By the end of the 19th Century, American industrialists and bankers, through the Industrial Revolution, had achieved great wealth. An excellent account of this is Matthew Josephson’s 1934 book, entitled "The Robber Barons; the Great American Capitalists 1861-1901~(by Matthew Josephson, Harcourt, Brace and Co. New York 1934; available secondary market).
The industrialists were known as “Big Business” and the Wall Street bankers as the “Money Trust”. The most prominent of these was banker J.P. Morgan.
It was Morgan, working with the European banking dynasties, who created the “Financial Panic of 1907”. This was an effort to manipulate Congress to approve of a central bank.
In 1912, Woodrow Wilson became President. His chief advisor and administrator was Col. Edward Mandell House, who was a proponent of world government, a representative of the European banking dynasties, and had close ties with the Morgan interests.
In 1912, House wrote a book, wherein he laid out a plan to bring America into a world government. (“Philip Dru: Administrator”, by Col. Edward Mandell House, 1912; available at General Birch Services, P.O. Box 8040 Appleton, Wis. 549138040). On page 222, he wrote:
"…our Constitution and our laws…are not only obsolete, but
even grotesque.
His plan, and, to use his own words, “a conspiracy,” would seek to achieve:
The establishment of a central bank;
A progressive graduated income tax; and
Control of both political parties in the U.S.

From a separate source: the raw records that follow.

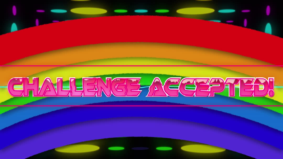 This vibrant animation showcases a bold 'Challenge Accepted' banner over a vibrant rainbow with neon elements and seamless patterns in the background. The lively combination creates a dynamic, motivational atmosphere perfect for presentations about resilience, positivity, and enthusiasm. Use this in gaming interfaces, tech announcements, or digital design projects to convey energy and confidence.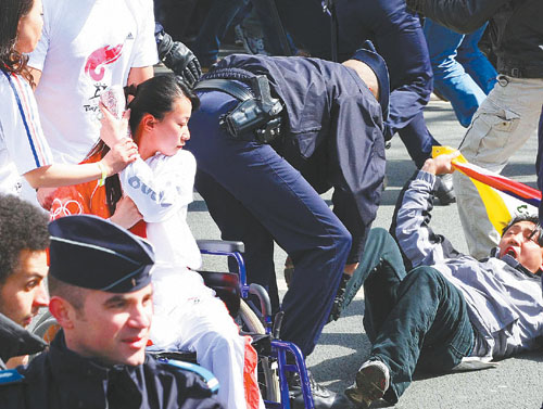 今年4月7日,上海残疾女青年金晶在巴黎参加奥运火炬传递时,受到一位“藏独”壮汉袭击。这一出人意料的事件,成为一个转折点——自拉萨“3·14事件”以来,中国首次占据了道德制高点,在世界公众舆论审判中,由被告变成了原告。
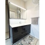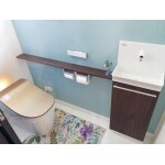 沙金の便ふたとトイレ背面のライトにより、空間がゴージャスになりました。また、背面の収納を撤去し、代わりに収納付きの手洗いカウンターを設置したことで、トイレ全体が広々とした印象に。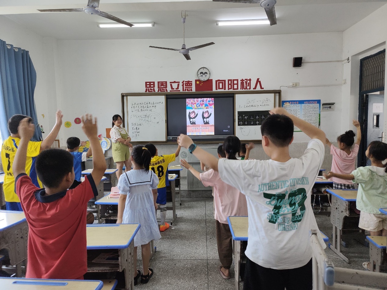 (通讯员 丁学莘)湖北第二师范学院四叶草青年志愿服务队于7月22日在思源实验学校校园为学生开展了一场别开生面的活动,他们带领学生们跳课前手势舞,旨在通过舞蹈的方式,促进学生们的身心健康,增添校园生活的乐趣。随着现代社会的快节奏和学业压力的增加,学生们往往缺乏锻炼和释放压力的机会。为了帮助他们更好地调节情绪、增强体质,思源实验学校的志愿者们创新性地引入了手势舞这一形式,既能锻炼身体,又能培养协调性和团队合作意识。

What was House’s goal? “Socialism as dreamed of by Karl Marx”. House, who called himself the “unseen guardian angel” of the Federal Reserve Act, in concert with the Wall Street and European bankers, convinced President Wilson of the central bank concept.
The Federal Reserve Act was passed on Dec. 23, 1913 (by a vote of 298 to 60 in the House of Representatives, and 43 to 25 in the Senate).
After the vote, Congressman Charles A. Lindberg, Sr. (father of the famous aviator) told Congress:
“This act establishes the most gigantic trust on earth…When the
President signs this act, the invisible government by the money
power, proven to exist by the Money Trust Investigation, will be
legalized…The new law will create inflation whenever the trusts
want inflation…”
The Fed was then able to manipulate the money supply. In the six years prior to the 1929 Stock Market Crash, the Fed increased (or inflated) the money supply 62%, inducing unwise investments and market speculation by the public. When everything was in place, the bankers, who had been financing market speculation, called in their “24 hr. broker call loans”, precipitating the Crash.
They were then in a position to loan the government billions of dollars to finance the nation out of the Depression. Congressman Louis McFadden, Chairman of the House Banking Committee, (1920-1931) said this:
“It (the Depression) was not accidental. The international
bankers sought to bring about a condition of despair here so that
they might emerge as rulers of us all”.
How powerful is the Fed? Congressman Wright Patman, Chairman of House Banking Committee (in the 60’s) said:
“In the U.S. today, we have in effect, two governments…we have
the duly constituted government…then we have an independent,
uncontrolled, and uncoordinated government in the Federal Reserve
System, operating the money powers which are reserved to the
Congress by the Constitution.”
The Fed has never been audited, and has resisted all attempts to do so.